Publisher: Sony Computer Entertainment
ESRB: M for Mature
The overwhelming excitement I had when Everybody’s Gone to the Rapture was announced was tangible. I had watched the trailer on several occasions, seen the interviews and checked out the screenshots. What I had hoped for was a game that would tie in the biblical idea of the Rapture with some obviously fictional narrative. What I ended up with; was a beautiful game, with an incredibly confusing story, and 5 hours of my life that I can’t account for.
It’s 1984 in the Village of Yaughton, in the Shropshire countryside. You don’t know who you are, why you are there, and there is no one around to answer your questions. You immediately hear a looped recording playing over a radio. As you make your way closer to the sound and press the “X” button to activate the radio, you hear a snippet of a story from a young woman mentioning some testing being conducted at the nearby observatory. From this point on, the virtual world is yours to explore. As you make your way around the village you find circulating beams of light that emanate a deep bass-y rumble. Upon approaching the light, you become audience to bursts of energy reenacting parts of a story from the past. How long into the past? It’s difficult to say. There has been some conflict with the villagers and the scientists living in the town, but the underlying story has yet to be discovered.
Spiritual: It’s initially unclear where the people of the town have disappeared to. There seems to be some contention between the town’s priest and some of the townsfolk. However there is nothing of biblical or spiritual value to be had throughout the game.
Violence: There are some scenes of reenacted violence while you are watching the energy bursts relive some time of their past.
Language: There are a few instances of adult language, namely “sh$%” and “f#$k”.
Sexual Content: There is a reenacted story implying adultery within the narrative of the game.

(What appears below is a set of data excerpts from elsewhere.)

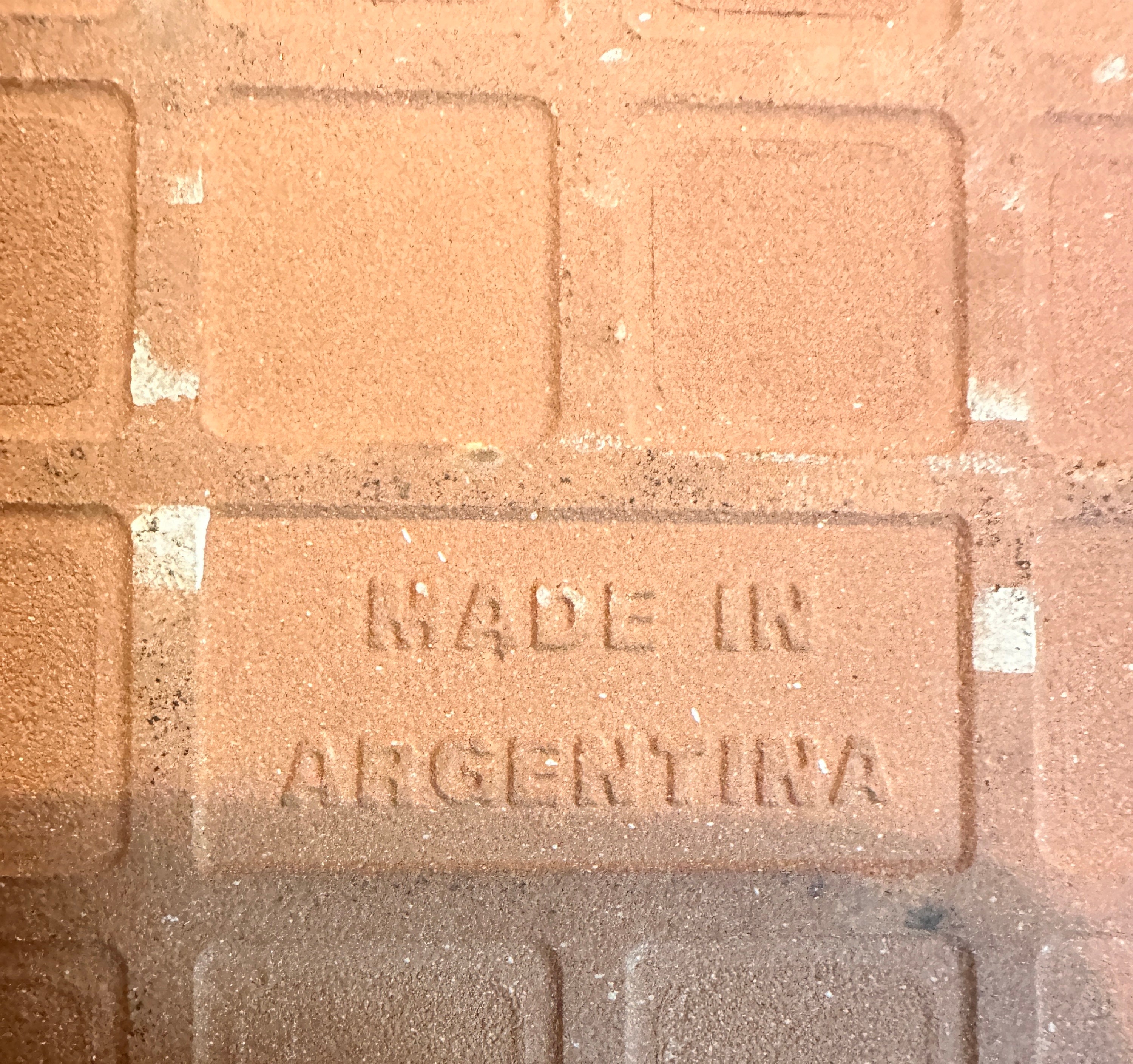 This is an 8 x 6.5 inch hand painted ceramic art tile from Argentina. It features a blue and yellow floral border surrounding colorful homes on a hilltop. It is in good vintage condition. There is some very minor paint loss at the bottom edge of the tile.
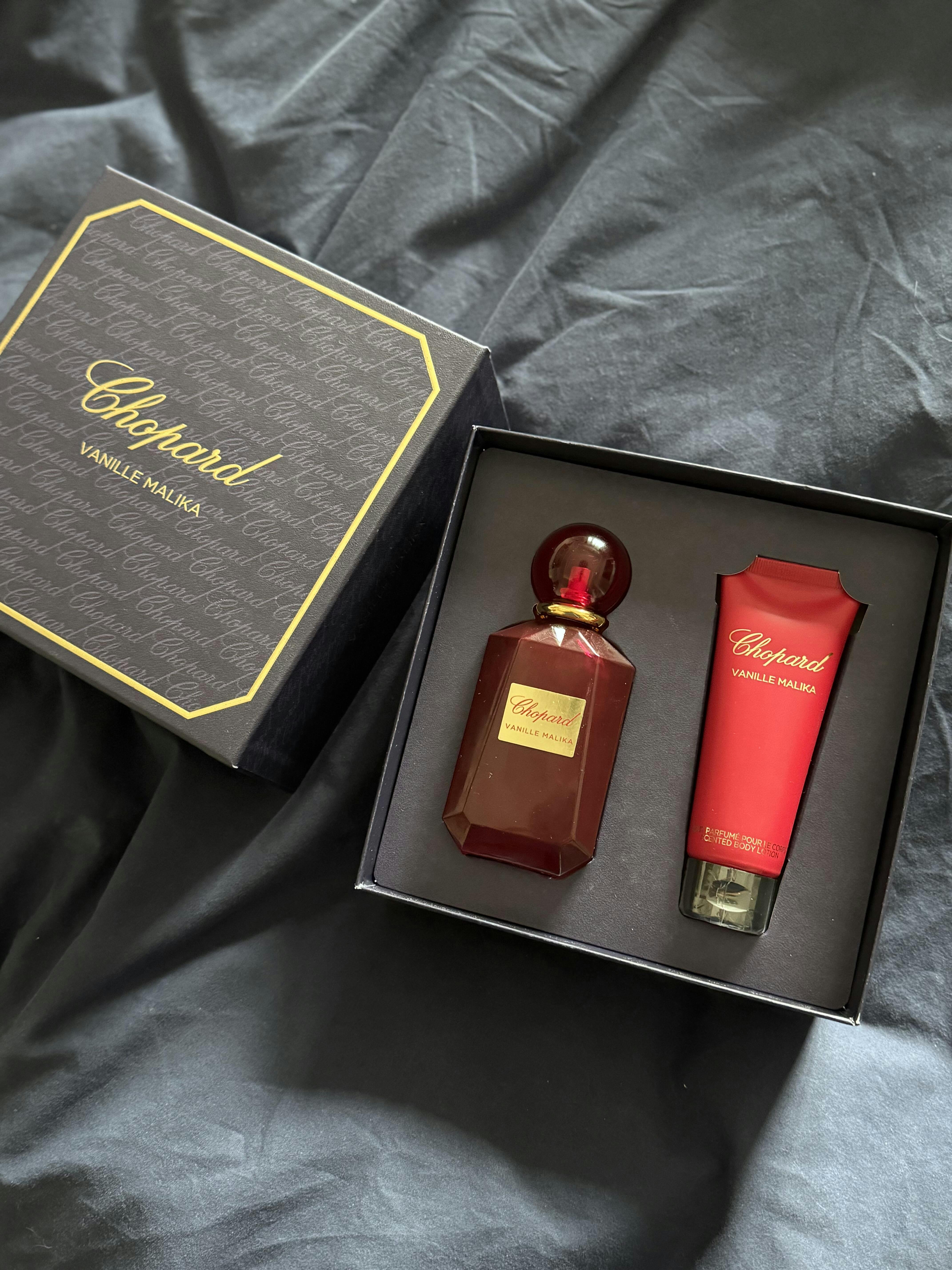 Indulge in the luxurious allure of Chopard Imperiale Vanille Malika with this exquisite gift set. The 100ml Eau de Parfum captures an enchanting blend of vanilla and exotic florals, delivering a sophisticated fragrance that lingers beautifully throughout your day. Complemented by the 75ml scented body lotion, this pairing nourishes your skin while extending the fragrance's captivating essence. Perfect for those who appreciate refined elegance, this curated collection makes an unforgettable gift for the discerning woman who deserves luxury.
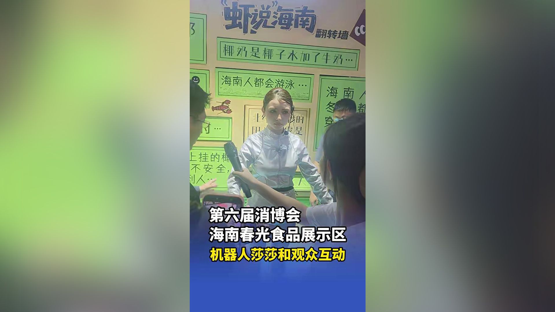 第六届消博会海南春光食品展示区 机器人莎莎和观众互动
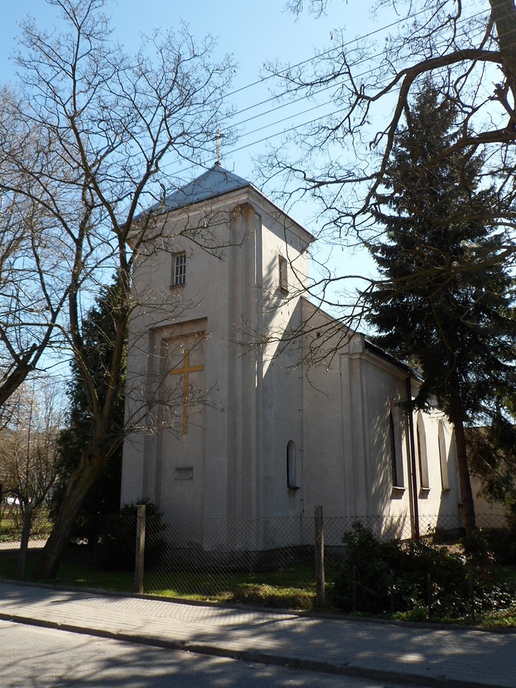 Początkowo stanął na nim dom parafialny z salką. Nabożeństwa w niej odprawiał ks. Mieczysław Rüger. Społeczny komitet budowy kościoła, do którego należeli najważniejsi przedstawiciele gminy, zlecił opracowanie jego projektu architektom braciom Goetzenom. Niewielką świątynię poświęcono w styczniu 1939 r., ale prace wykończeniowe trwały jeszcze jakiś czas.
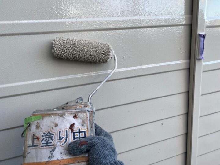 【上塗り】塗料を3回塗り重ねることで外壁の艶が増し、紫外線や雨水に強い耐久性のある外壁に仕上がります。
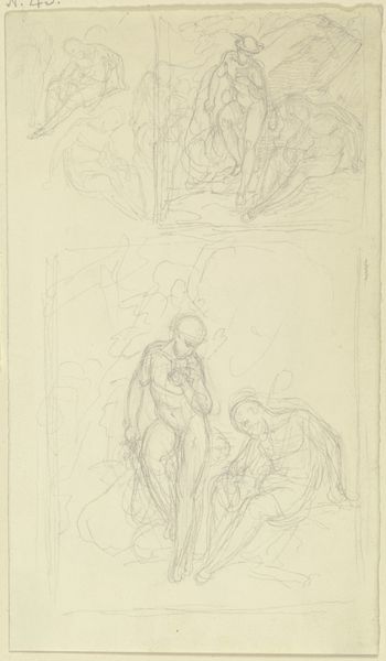 Curator: Right now, we’re standing in front of a work by Victor Müller called *Ein Mann mit großem Hut, dem sich eine Frau anschmiegt, rechts eine sitzende Figur*. It's held here at the Städel Museum. What's your initial take? Editor: Ethereal. Like a dream half-remembered. Or maybe a sketch left incomplete, hovering between potential and resolution. The lines, so faint...it’s like trying to grasp a fleeting feeling. Curator: Indeed. Müller captures something so ephemeral, even the title dances around pinning down exactly what’s happening. He employed pencil for this drawing on paper, focusing on figuration. Editor: The composition is quite interesting. There's the figure mentioned in the title, adorned with what looks like an outsized hat, and a woman nestling close. And then, set to the right, this more isolated figure. Semiotically speaking, their spatial relationships and relative isolations set up complex narrative possibilities. The use of line seems so very... careful. What do you sense it imparts, visually? Curator: For me, it suggests a psychological drama playing out. Perhaps of intimacy and isolation all happening at once. Müller teases at romanticism, hints, suggests... but never really tells. Does it spark curiosity about these people, these lives hinted at but never fully rendered? Or, speaking very informally...are they in love, disconnected or perhaps lost within themselves? Editor: Both, I think. Or all of the above, simultaneously. This might seem reductive, but the piece feels so inherently early modern—its lack of resolution, embrace of subjective perspective, interest in the play between the "real" and the "ideal"... Müller offers questions, visual gestures, and that, in itself, feels so modern. The almost casual strokes. How academic artists move so easily. Curator: And for you, the open-endedness of it, do you find that freeing? As though your imagination can fill in what's left unsaid? Editor: Precisely. Müller isn’t handing us a polished conclusion but rather an invitation. And maybe, that’s what makes this seemingly slight sketch so resonant. Curator: Beautifully put. For me, too, its incomplete quality is its biggest asset, and feels deeply...generous, artist-to-viewer.
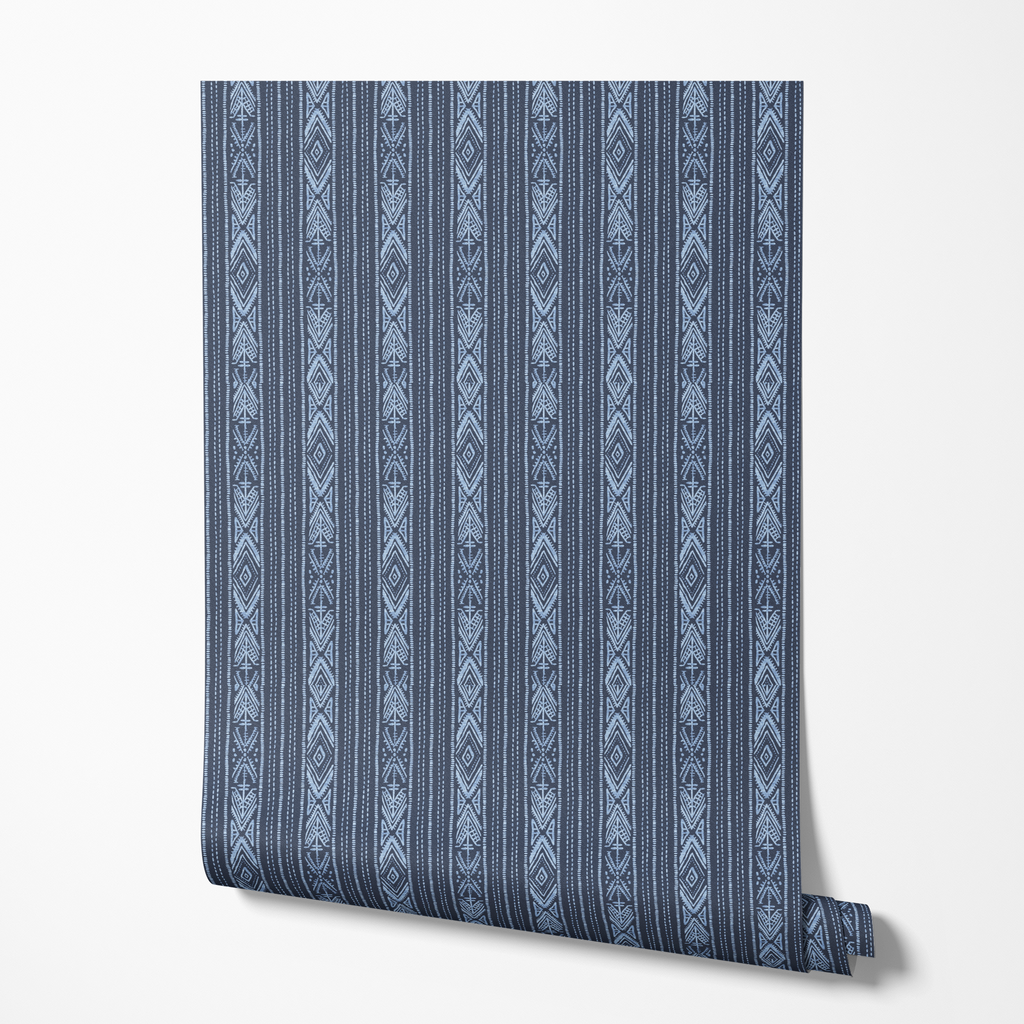 Indigo blue tribal pattern featuring geometric diamond motifs with intricate dotted lines creates a striking ethnic textile design perfect for bohemian home decor.
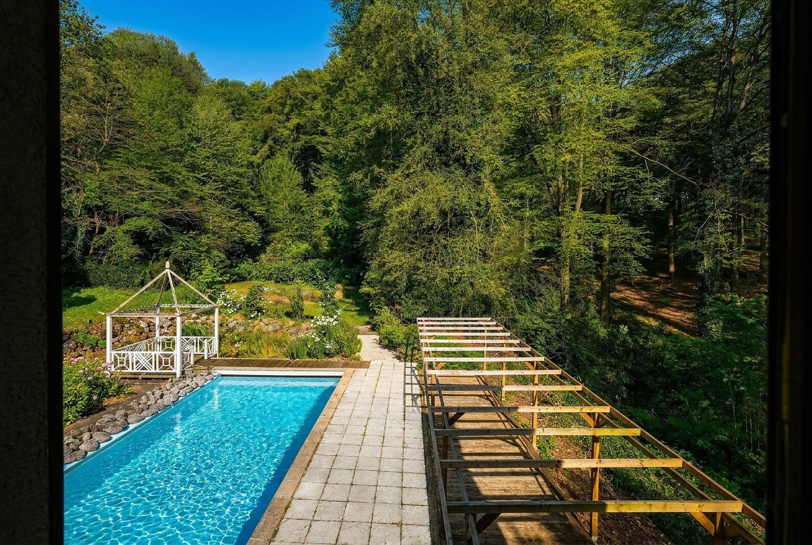Rond de woning vind je meerdere terrassen, een zwembad, een vijver en een sfeervolle pergola – ideaal om op elk moment van de dag en in elk seizoen van de omgeving te genieten.
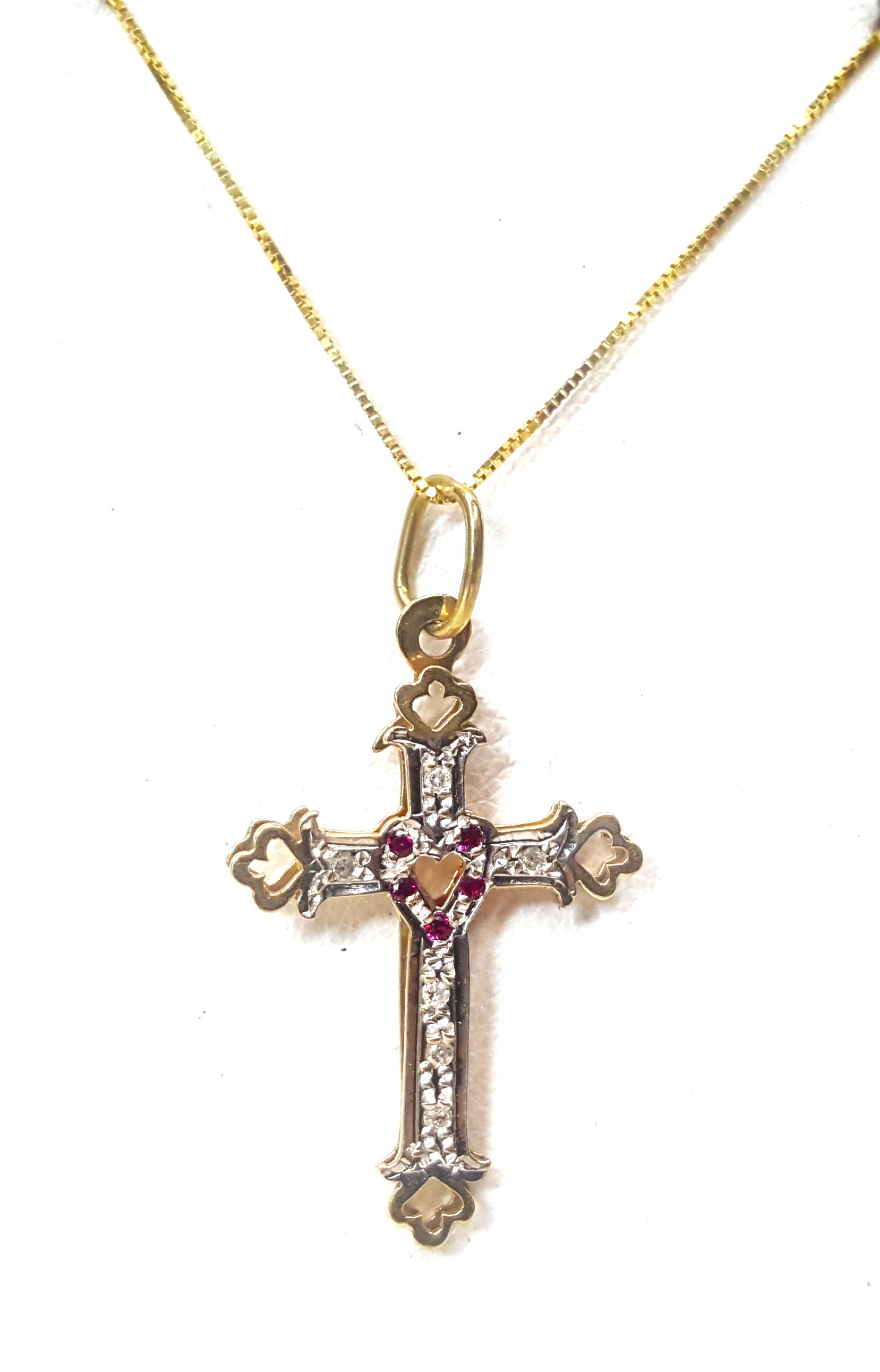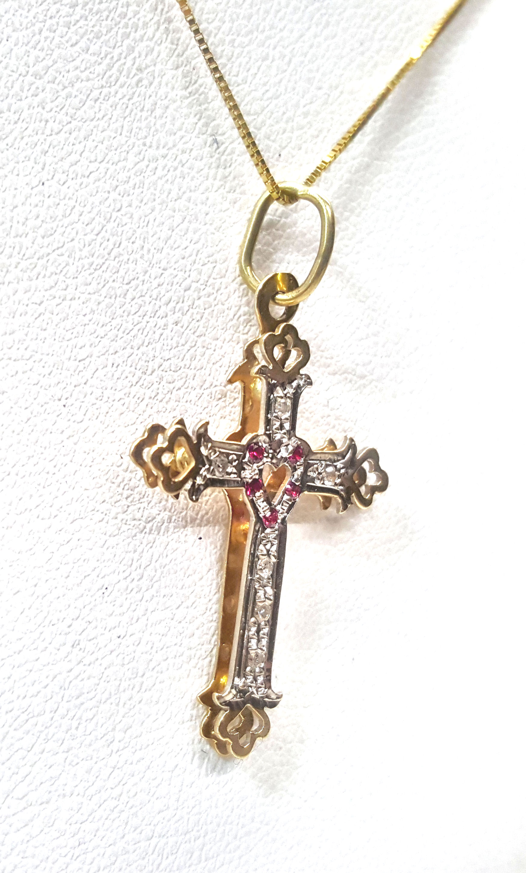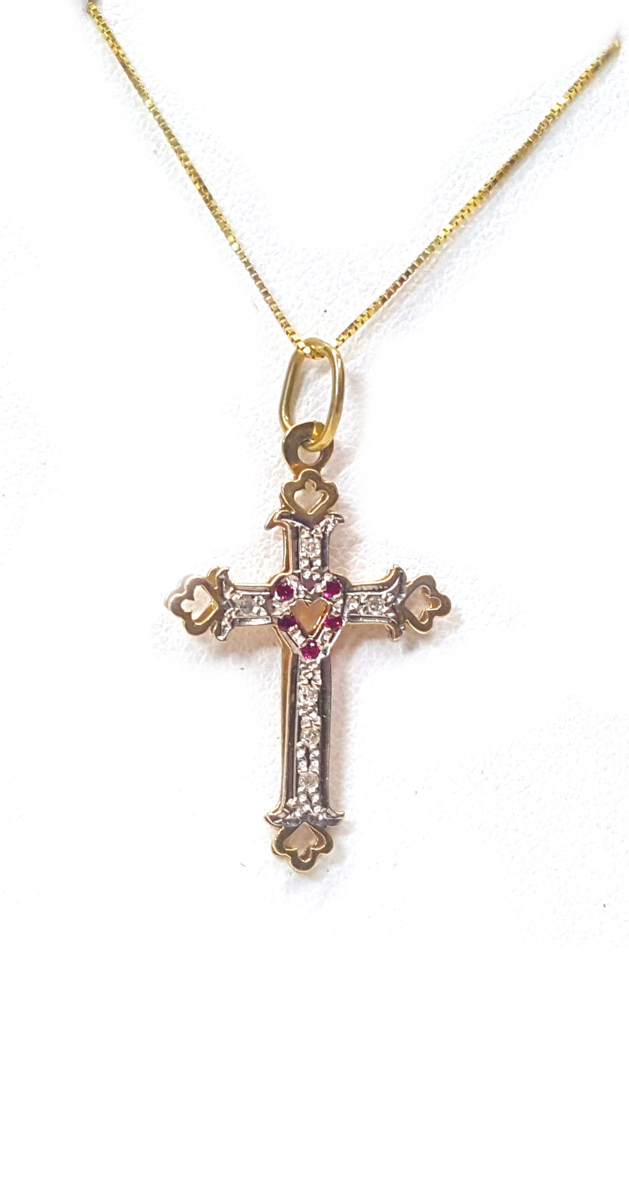 14kt yellow gold "3D" cross pendant. This cross has a heart design in the center with red stones pave set in it, and there are 6 diamonds weighing 10pts. of single cuts pave set around the heart and in it. The pendant is 1 1/4" high with the loop and weighs 1.6 grams. This cross does NOT come with a chain.

The simplicity of the game is refreshing. As some have called it a “walking simulator,” it’s not far off from the truth. You spend a majority of your time walking around, discovering the aforementioned energy bursts. The only button you will use is the “X” button to interact with the radios, telephones, and light switches. One can gradually walk faster by holding down the “R2” button, however this is never once mentioned in Rapture and I only discovered this feature after finishing the game and reading about it on the internet. Having to walk slowly around the map was frustrating most of the time, and the only reason I forced myself through the game in one sitting was because I anticipated something interesting to happen. Unfortunately that moment never came, and I inevitably ended the game disappointed and confused.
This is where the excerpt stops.